Provincial Minister of Punjab for School Education
- In office 27 August 2018 – 14 January 2023

Member of the Provincial Assembly of the Punjab
- In office 15 August 2018 – 14 January 2023
- Constituency: PP-159 Lahore-XVI
- In office 29 May 2013 – 31 May 2018
- Constituency: PP-152 (Lahore-XVI)

President of IPP Lahore Division
- In office 12 August 2023 – 3 August 2025
- President: Aleem Khan; Jahangir Tareen;

Personal details
- Born: 6 June 1969 (age 57) Gujrat, Punjab, Pakistan
- Party: IPP (2023–present); PTI (2013–2023);

= Murad Raas =

Pakistani politician

Murad Raas (born 6 June 1969) is a Pakistani politician who is the former Provincial Minister of Punjab for School Education, in office from 27 August 2018 to 2021. He had been a member of the Provincial Assembly of the Punjab from August 2018 till January 2023. Previously he was a Member of the Provincial Assembly of the Punjab from May 2013 to May 2018.
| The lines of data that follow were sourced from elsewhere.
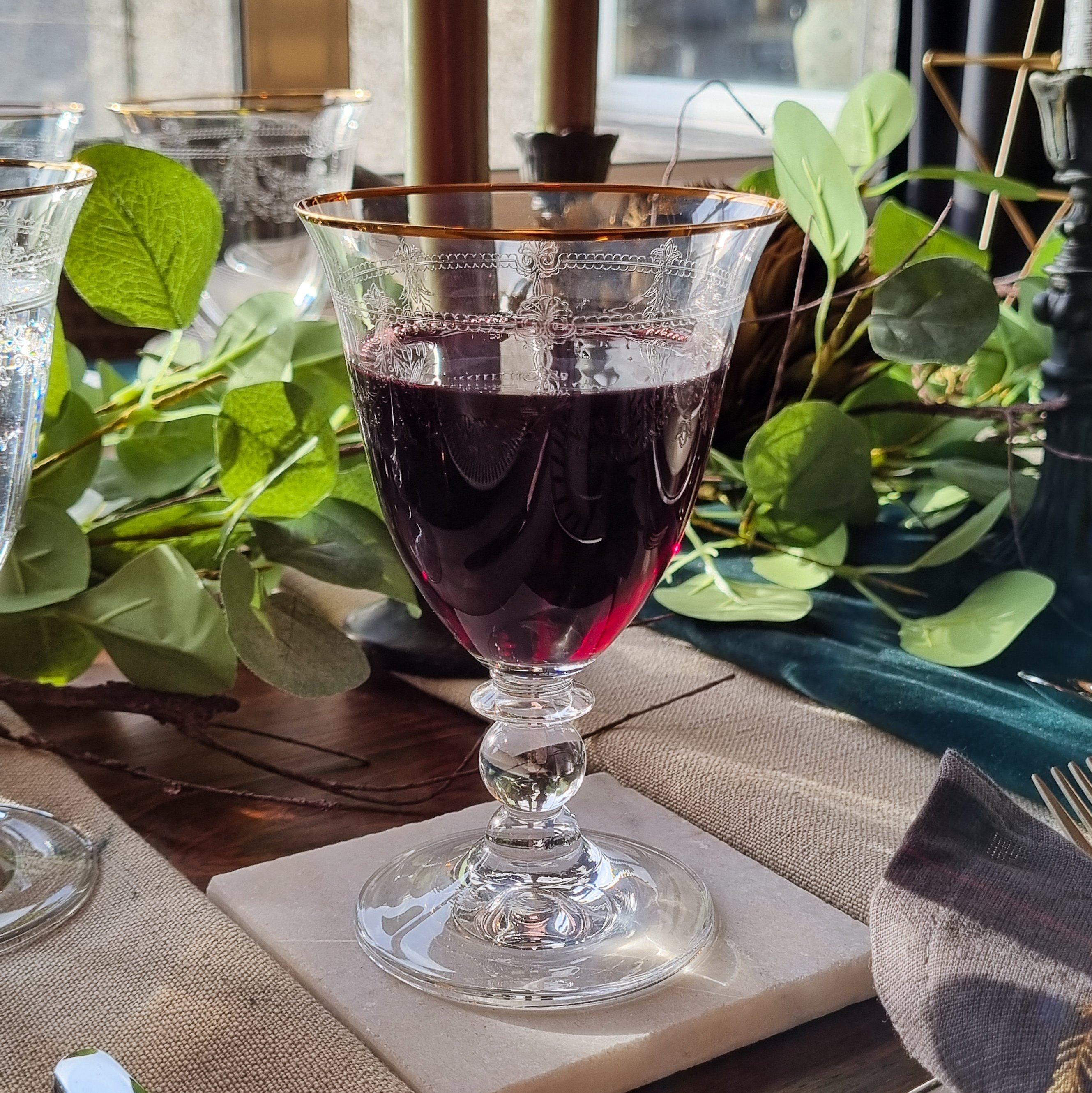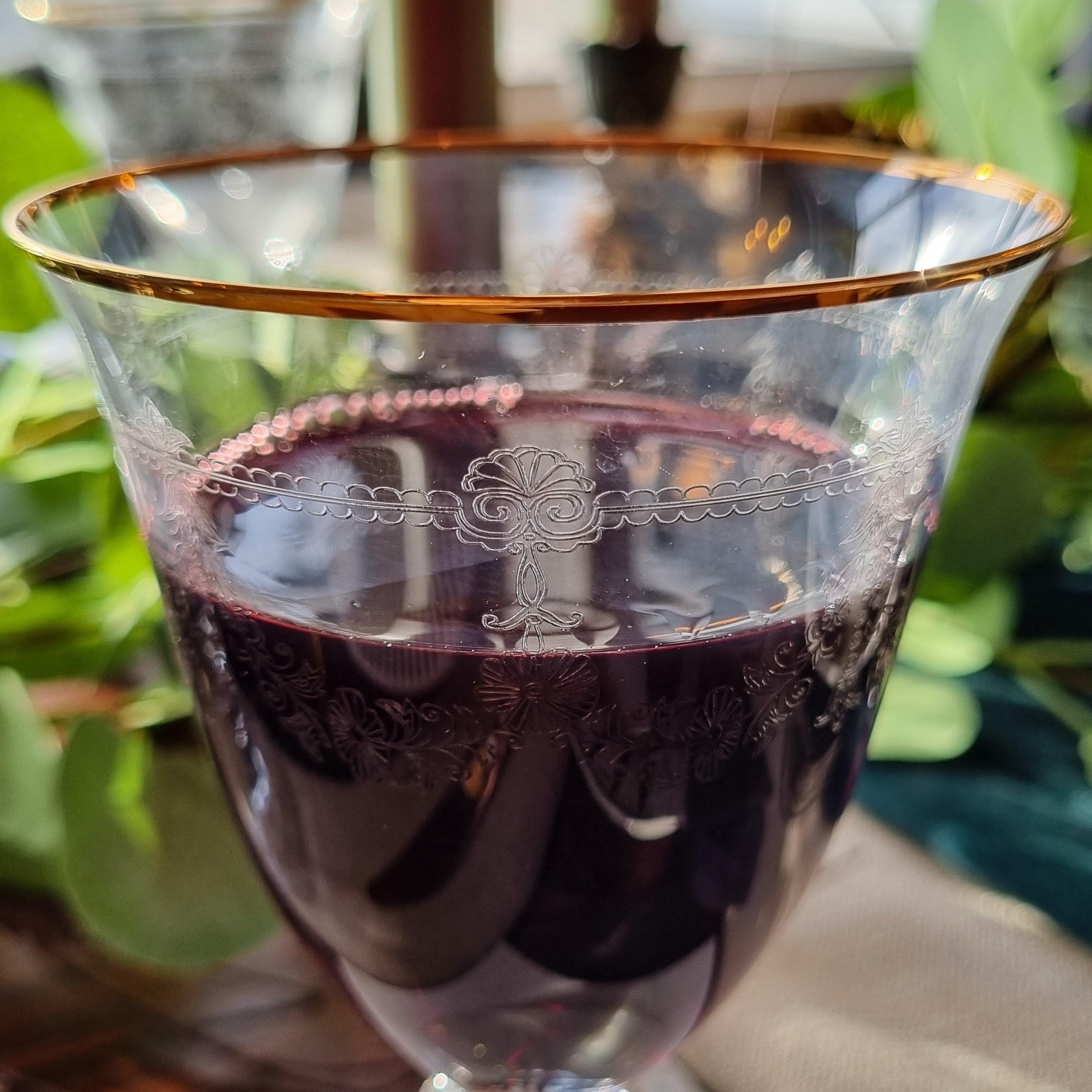Dies ist ein Weinglas mit Finesse! Ein wunderschönes Stück mit Goldrand, das etwas zu bequem in der Hand liegt. Diese hübschen Stücke verleihen jedem Esstisch ein edles Flair. Wir lieben das zarte geätzte Muster im Glas und die geformten Details am kurzen Stiel. Kombinieren Sie sie mit dem geätzten Wasserglas | 6er-Set für ein komplettes Set und einen kuratierten Tisch.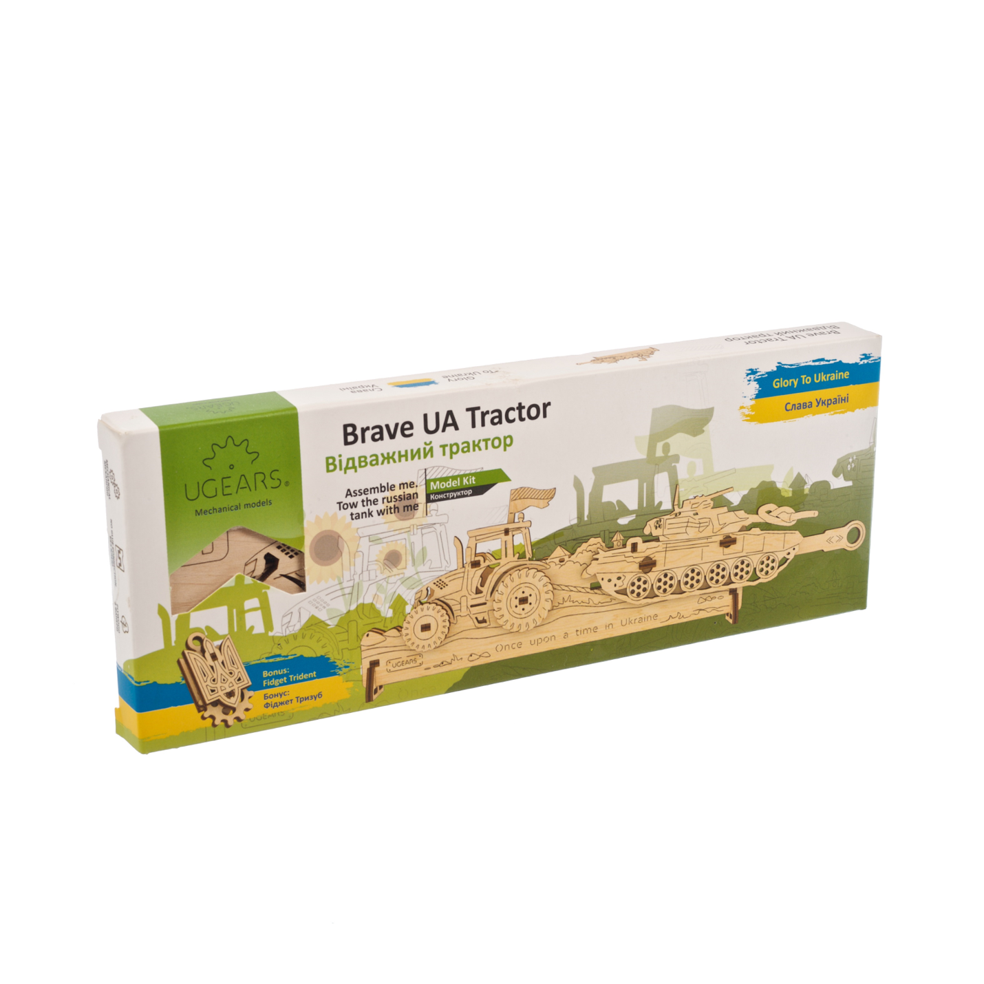Puzzle 3D de Ugears, El Valiente Tractor UA de la serie Era del Coraje, dedicada a la valentía de la nación ucraniana. Sin pilas. Sin pegamento. ¡Gloria a Ucrania!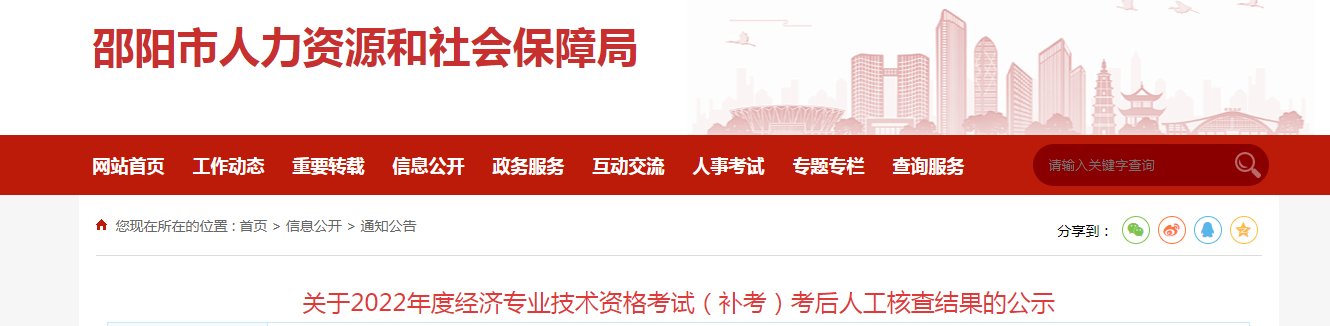 根据湖南省人力资源和社会保障厅《关于2022年度经济专业技术资格考试(补考)考后人工核查公告》要求,经审核,现对邵阳市2022年度经济专业技术资格考试(补考)考后人工核查结果以及报名服务平台核验通过的成绩合格人员名单予以公示,公示期为2023年5月22日至2023年5月26日。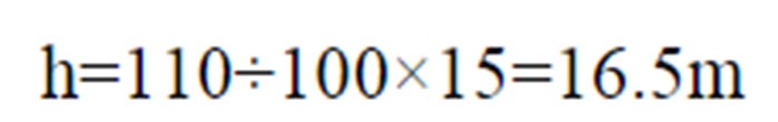 比如確定一眼深水井的動水位為85m,涌水量為50m3/h,輸水管路長度110m,公稱內(nèi)徑為75mm的鋼管,試計算水泵總揚程。從表中查出每100m管損為15m,那么管損
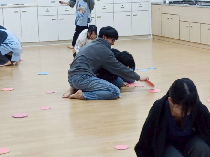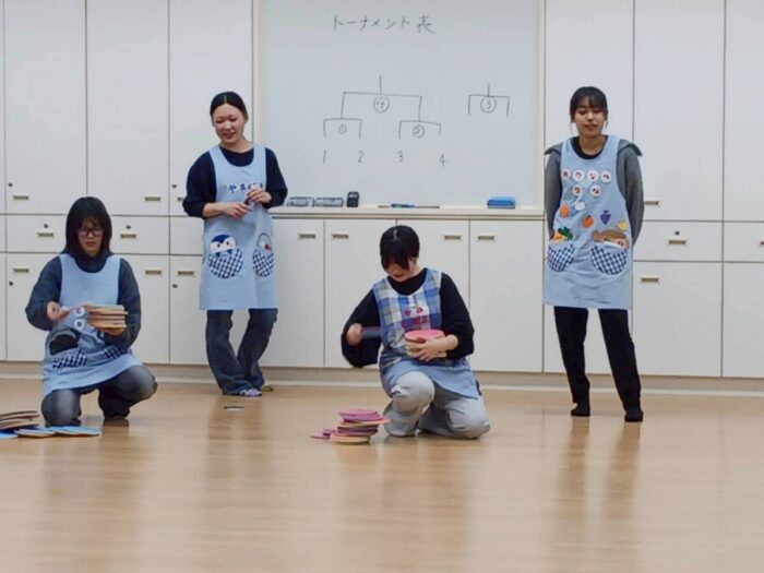 今回は、こども科の学生たちが作業療法科の学生さんたちに幼児の発達に合わせた遊びを教え、体験してもらうといった授業について紹介します。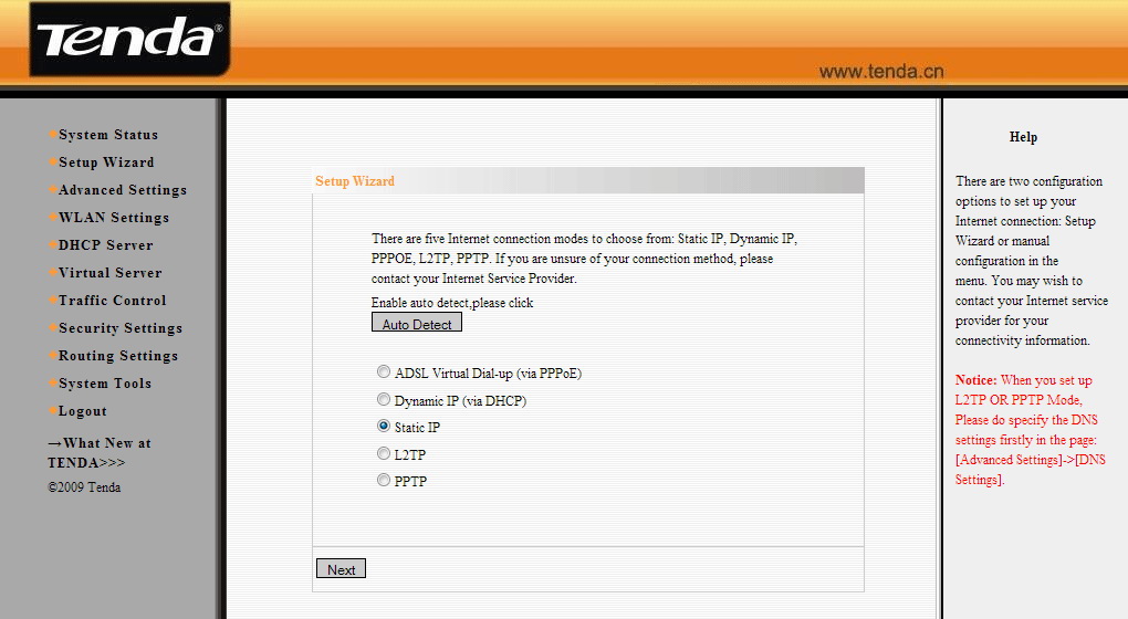 При первом входе в веб-интерфейс настройки, устройство предлагает воспользоваться для конфигурирования пошаговым мастером. Отказаться от настройки Tenda W311R+ с помощью пошагового мастера и полностью настроить подключение вручную не получится, так как этот мастер (он же вызывается разделом меню Setup Wizard) – единственный способ выбрать способ подключения.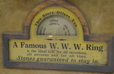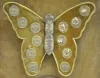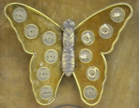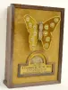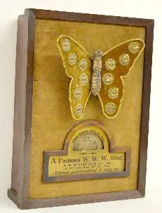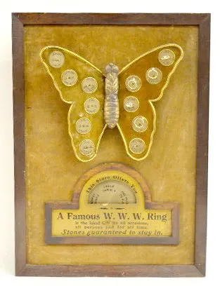 A W.W.W. Guaranteed Ring display with an animated butterfly with disks that show the month and gemstone on the wings. Each disk holds a ring with a gemstone in it. As the wings move, a dial on the bottom of the display turns and reads "This Store has to Offer ,AeP" showing the choices of rings. The winding key is with the piece. (Not working at this time. There are a total of 11 rings - 5 on the display and 6 in a bag - with 1 missing.) 20 1/4" Tall x 14 3/4" Wide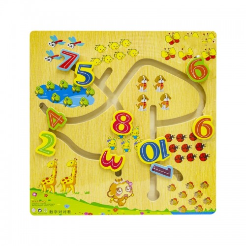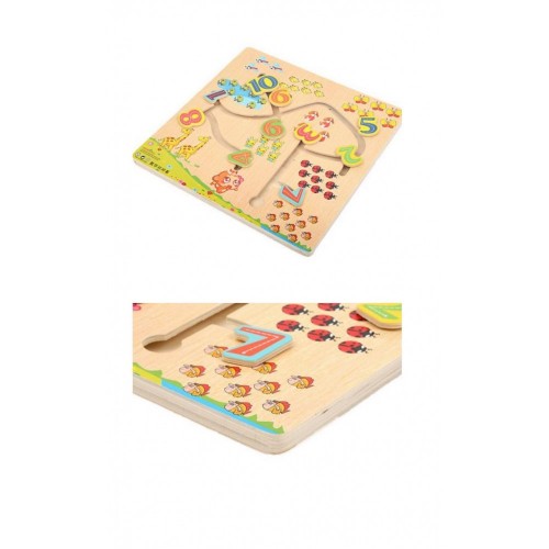 Puzzle din lemn Labirint  cu cifre si corespondenta lor grafica cu animalute.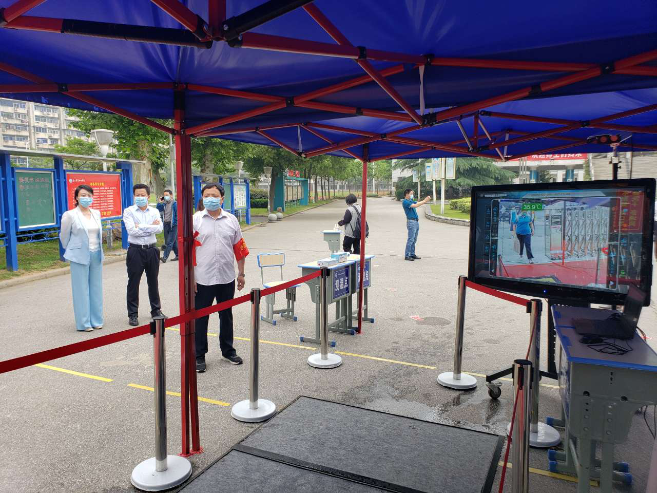 华中数控以对学生、对家长、对社会高度负责的态度,协助武汉市做好复学准备工作,发挥科技力量落实落细疫情防控措施。武汉市许多学校纷纷引进华中数控人体测温“黑科技“——红外智能体温检测系统,硚口区近百所学校率先安装一百多台华中数控红外设备用于复学防控。新洲区也用华中数控红外测温仪建立“防控墙”。

==Early life and education==
He was born on 6 June 1969 in Gujrat. He received his early education from Aitchison College. He has the degree of Bachelor of Business Administration in Finance which he obtained in 1993 from Eastern Kentucky University. He received an Honorary degree of Doctor of Philosophy in Business Administration in 2010 from the American Heritage University of Southern California. He allegedly holds an American citizenship.

==Political career==

He was elected to the Provincial Assembly of the Punjab as a candidate of the Pakistan Tehreek-e-Insaf (PTI) from PP-152 (Lahore-XVI) in the 2013 Punjab provincial election.

He was re-elected to the Provincial Assembly of the Punjab as a candidate of the PTI from PP-159 (Lahore-XVI) in the 2018 Punjab provincial election.

On 27 August 2018, he was inducted into the provincial cabinet of Chief Minister Usman Buzdar and was appointed the Provincial Minister of Punjab for School Education.